Mechanical Engineering is the discipline that applies engineering, physics, and materials science principles to design, analyze, manufacture, and maintain mechanical systems. It is the branch of engineering that involves the design, production, and operation of machinery. It is one of the oldest and broadest of the engineering disciplines. The mechanical engineering field requires an understanding of core areas including mechanics, kinematics, thermodynamics, materials science, structural analysis, and electricity. In addition to these core principles, mechanical engineers use tools such as computer-aided design .
(CAD), and product life cycle management to design and analyze manufacturing plants, industrial equipment and machinery, heating and cooling systems, transport systems, aircraft, watercraft, robotics, medical devices, weapons etc... CADD GRAFIX, pioneered in provide training on various combination of software products such as AutoCAD 2D/3D, CREO, CATIA, NX CAD CAM (Unigraphics), Solidworks, ANSYS workbench, Hypermesh through foundation, Diploma, Professional Diploma, and Master Diploma programs.
AutoCAD is one of the leading software packages developed for producing 2D/3D dimensional Computer Aided Designs. AutoCAD is designed to produce accurate drawing with ease, offering the user flexibility to transform and present drawings instantaneously. Course is tailored to learners with little or no previous knowledge of CAD. This foundation course is structured to introduce learners to the AutoCAD program and develop their skills to an intermediate level.
This course focuses on the interface of AutoCAD, The Advanced Drawing & Editing Commands, Blocks and XREFs, Mastering Dimension Styles, and the Use of Viewports, Dimensioning, and The Importance of Accuracy, complex scaling and presentation tools- used in many CAD-Based environments. Learn many time-saving-techniques and gain the upper hand when designing complex drawings.
Our highly experienced instructors will guide you, step-by-step, through the key techniques you need to learn to use the application effectively. Our AutoCAD courses have been developed by CAD professionals to teach you in the most efficient way. They have been attended by many hundreds of delegates over 10 years. Our overall approval rating for AutoCAD training in feedback provided anonymously exceeds 90%.The course is delivered at one of our Centers and has been structured to give you the most flexible training available. Tutorial books are issued so that you can work at your own pace. Forget class-room environments where everyone needs to be on the same page, as you will be able to re-tread over past exercises until you are confident in your abilities.
CATIA is a multi-platform software suite for computer-aided design (CAD), computer-aided manufacturing (CAM), computer-aided engineering (CAE), PLM and 3D software. CATIA supports multiple stages of product development including conceptualization, design (CAD), engineering (CAE) and manufacturing (CAM). CATIA facilitates collaborative engineering across disciplines around its 3DEXPERIENCE platform, including surfacing & shape design, electrical, fluid and electronic systems design, mechanical engineering and systems engineering. CATIA enables the creation of 3D parts, from 3D sketches, sheet metal, composites, and molded, forged or tooling parts up to the definition of mechanical assemblies. the software provides advanced technologies for mechanical surfacing & BIW. It provides tools to complete product definition, including functional tolerances as well as kinematics definition. CATIA provides a wide range of applications for tooling design, for both generic tooling and mold & die.
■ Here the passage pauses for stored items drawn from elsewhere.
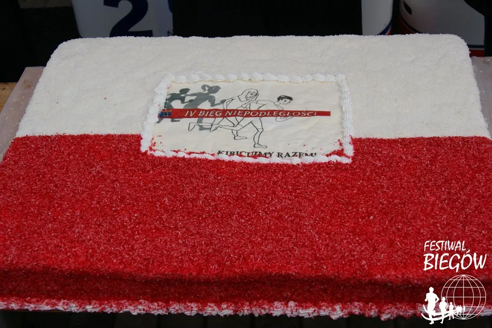 Rywalizacja sportowa to, oczywiście, nie jedyna atrakcja IV Biegu Niepodległości w Gminie Nieporęt. Uczestnikom bezpłatnie serwowano pyszne wypieki cukiernicze, placki ziemniaczane, żurek i kluski śląskie z gulaszem, a proboszcz miejscowej parafii i wójt gminy podzielili między wszystkich olbrzymi biało-czerwony tort z logo imprezy.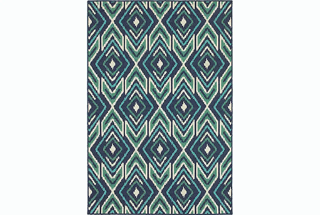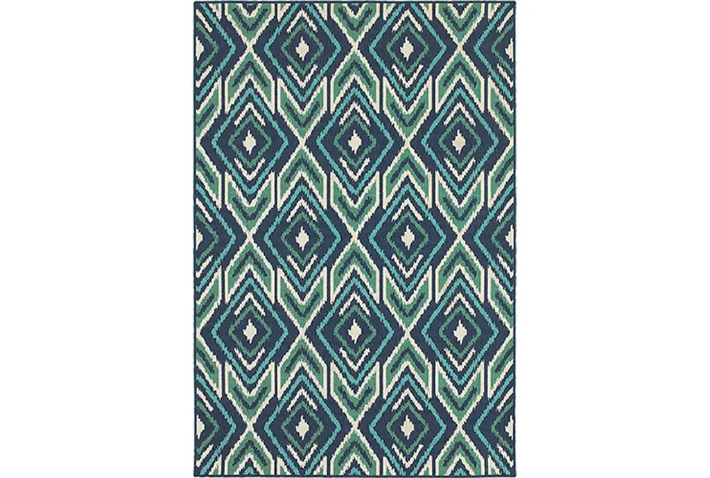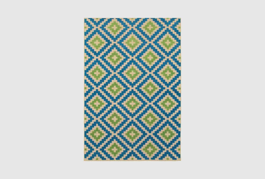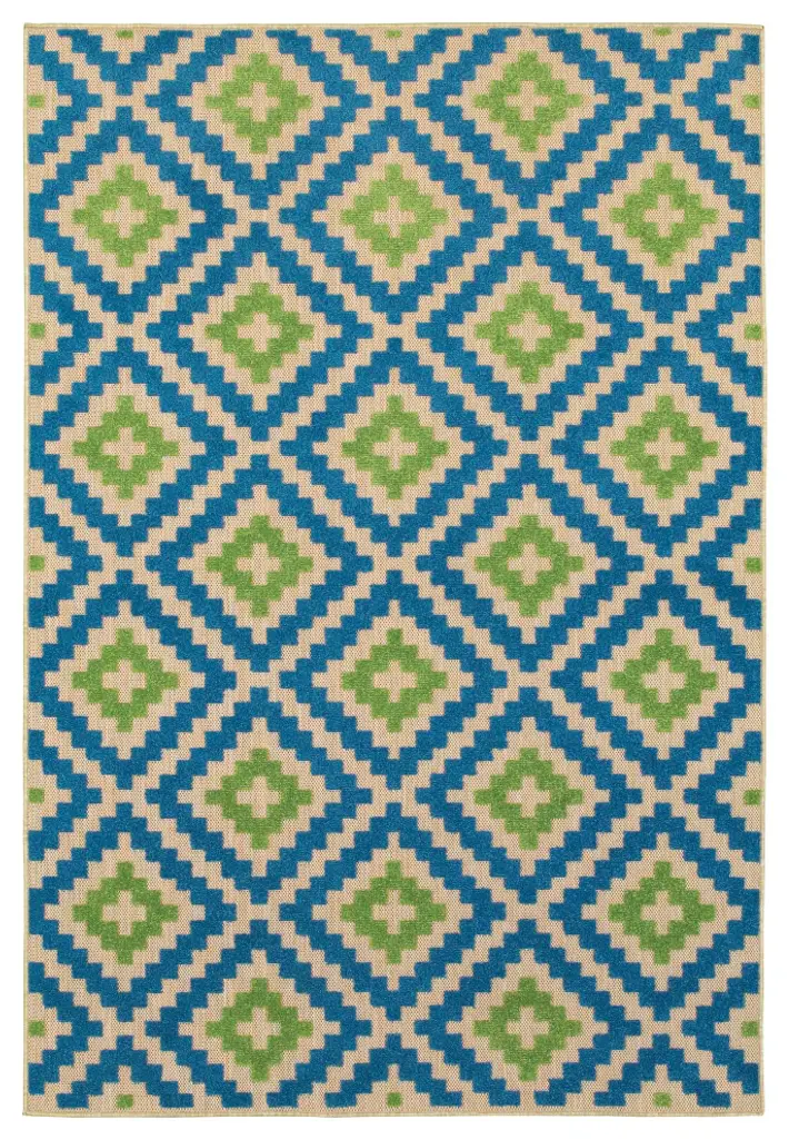 Enhance your indoor or outdoor space with the vibrant 1'9"x3'3" Fiber Outdoor Rug in Lime and Blue Birds Eye. The contemporary Aztec design in sand and blue adds a pop of color and a touch of boho-chic style to any area. Made from durable polypropylene, this rectangle rug is perfect for high-traffic areas.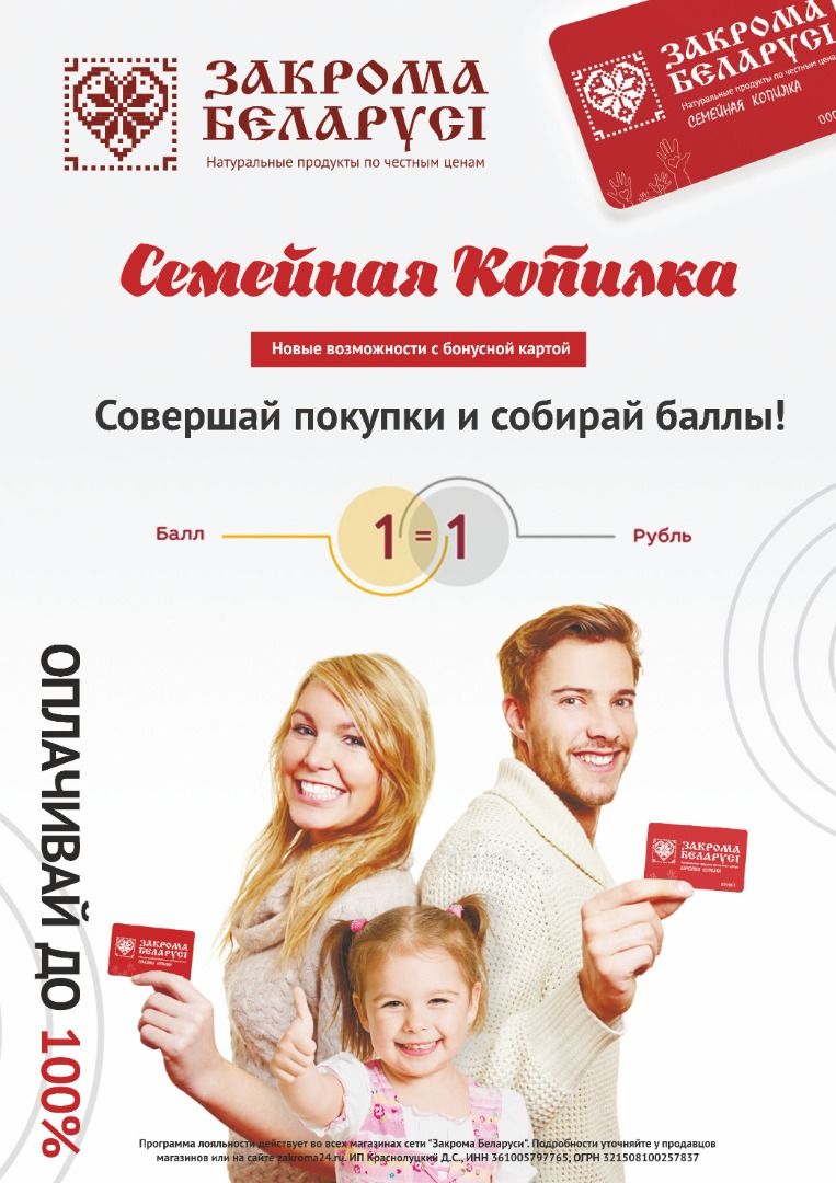 Программа лояльности «Семейная копилка» – накапливайте баллы и оплачивайте ими до 100% покупки. 1 балл = 1 рубль.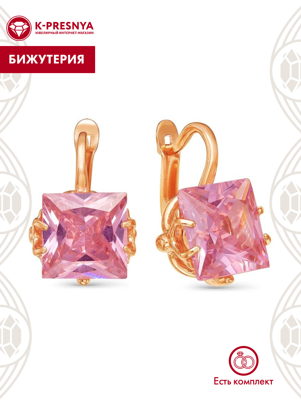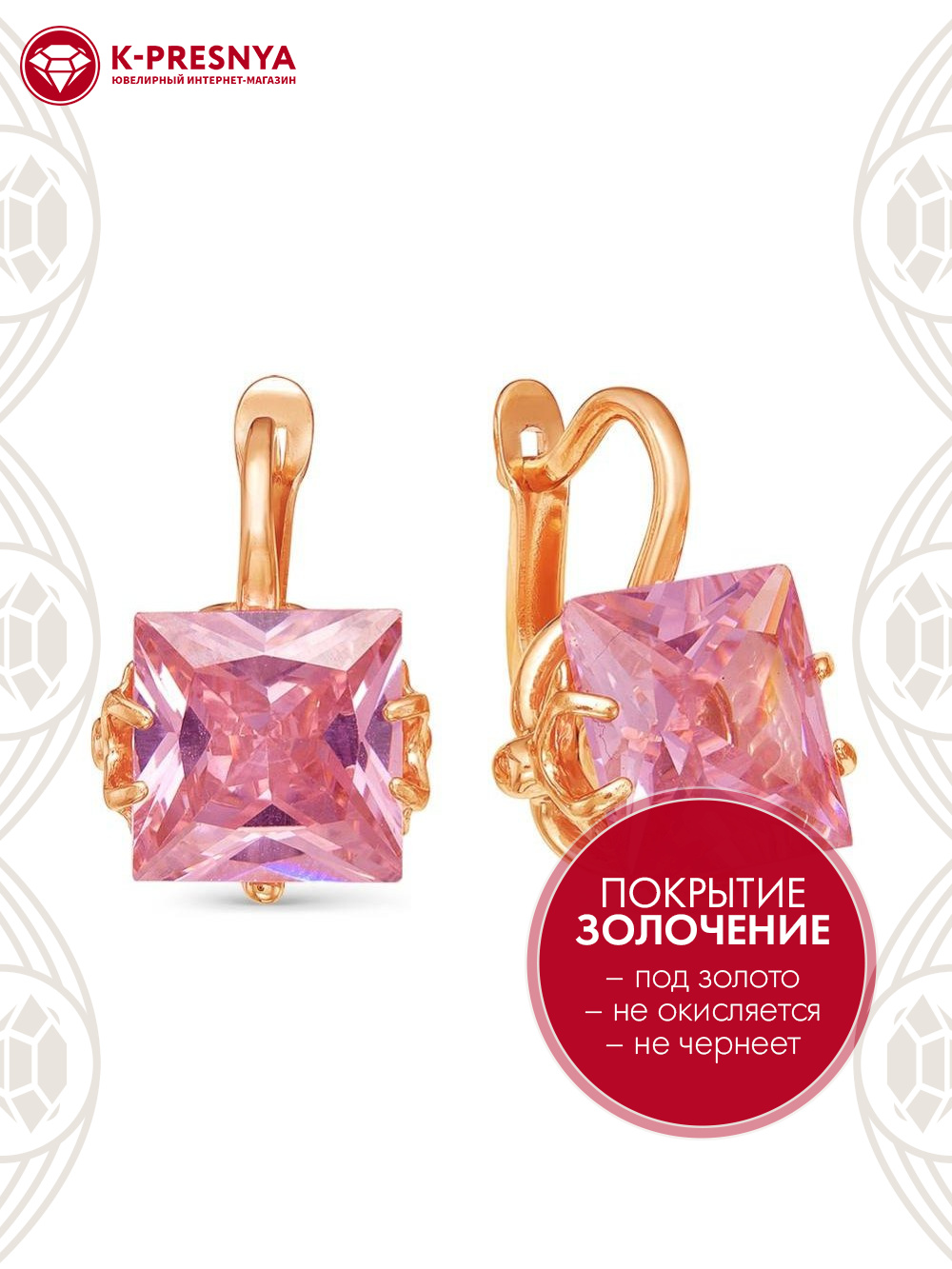 Серьги бижутерия, покрытие - золочение, вставка - фианит (недрагоценный камень)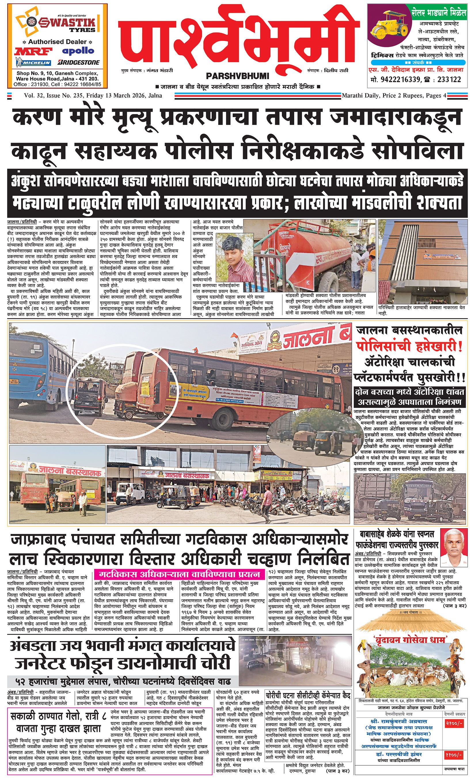 दैनिक पार्श्वभूमी | ‘विधाता’ बिल्डींग, आय. एम. ए. हॉलच्या पाठीमागे, प्रियदर्शनी कॉलनी, संभाजीनगर, जालना | ई-मेल : [email protected] | मो. 9860017155 Page 1 Page 2 Page 3 Page 4 Wednesday, 11 March 2026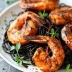Vampire Pasta is a dramatic and delicious Halloween dinner made with black squid ink pasta, garlic-sautéed shrimp, white wine, and lemon. This spooky seafood dish delivers bold flavor and elegance, perfect for festive themed dinners or Halloween parties.

CATIA offers a solution to shape design, styling, surfacing workflow and visualization to create, modify and validate complex innovative shapes from industrial design to Class-A surfacing with the ICEM surfacing technologies. CATIA supports multiple stages of product design whether started from scratch or from 2D sketches .
Owing to an unprecedented growth of air traffic and emergence of new sets of users, there is a constant need to design new aircraft models and passenger aircraft. Designers need conceptual creativity skills and strong background in aerodynamic, structural and propulsive technologies. Also as the introduction of software tools has drastically changed the aircraft development scene, designers need to acquire skills to use software in aircraft sizing, performance analysis, weight and cost prediction, among others.
Many automotive companies use CATIA to varying degrees, including BMW, Porsche, McLaren Automotive, Chrysler, Honda, Audi, Jaguar Land Rover, Volkswagen, SEAT, Škoda, Bentley Motors Limited, Volvo, Fiat, Benteler International, PSA Peugeot Citroën Renault,Toyota, Ford, Scania, Hyundai, Tesla Motors, Rolls-Royce Motors, Valmet Automotive, Proton, Elba, Tata motors and Mahindra & Mahindra Limited. Goodyear uses it in making tires for automotive and aerospace and also uses a customized CATIA for its design and development. Many automotive companies use CATIA for car structures – door beams, IP supports, bumper beams, roof rails, side rails, body components because of CATIA's capabilities in Computer representation of surfaces. Bombardier Transportation of Canada is using this software to design its entire fleet of Train engines and coaches. Webasto uses CATIA to design its roof.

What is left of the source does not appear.